On the other hand, in professional sports, high ticket prices do not necessarily indicate a decrease in the demand (Pan, Zhu, Gabert, & Brown, 1999). Some studies have suggested that the demand is price inelastic in professional sports (Siegfried & Eisenberg, 1980; Bird, 1982; Shapiro & Dryer, 2012). The literature on professional sports finds that the demand for sports team tickets is price inelastic (Krautmann & Berri, 2007).

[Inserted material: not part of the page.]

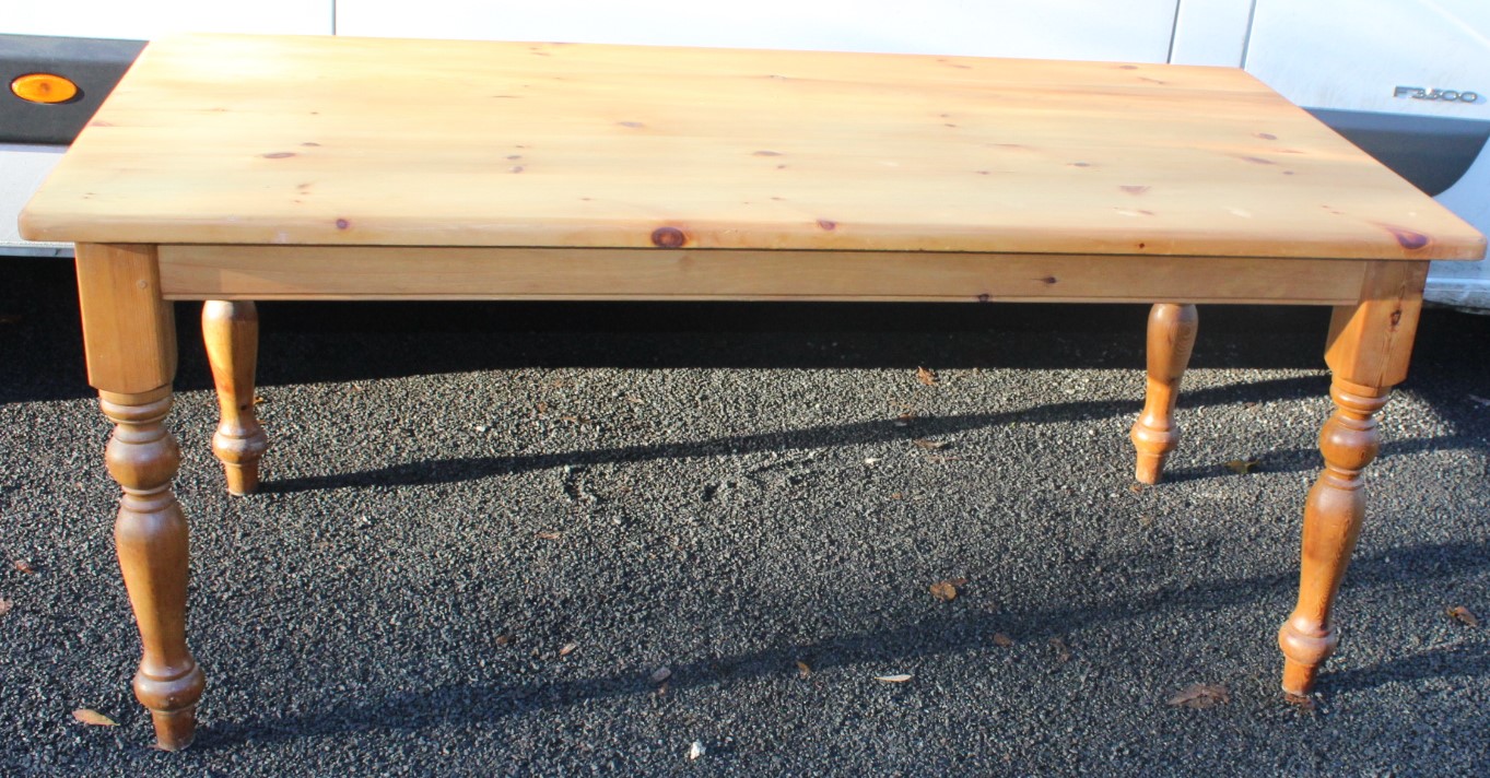 1980s Country Pine Table On Turned Legs

The studies estimated the demand by analyzing secondary data of spectator attendance and ticket prices using the economic model of regression analysis. However, such models do not specify how sensitive spectators are to price fluctuations. Thus, this study examines the price elasticity of ticket demand by analyzing primary data on spectators' ticket preferences by using the conjoint model. Conjoint analysis is used for measuring trade-offs in analyzing consumers' preferences and intentions to buy. It is a method for simulating how consumers might react to changes in current products (Green, Krieger, & Wind, 2001). Thus, the author uses conjoint analysis in this study for simulating how spectators react to price fluctuations.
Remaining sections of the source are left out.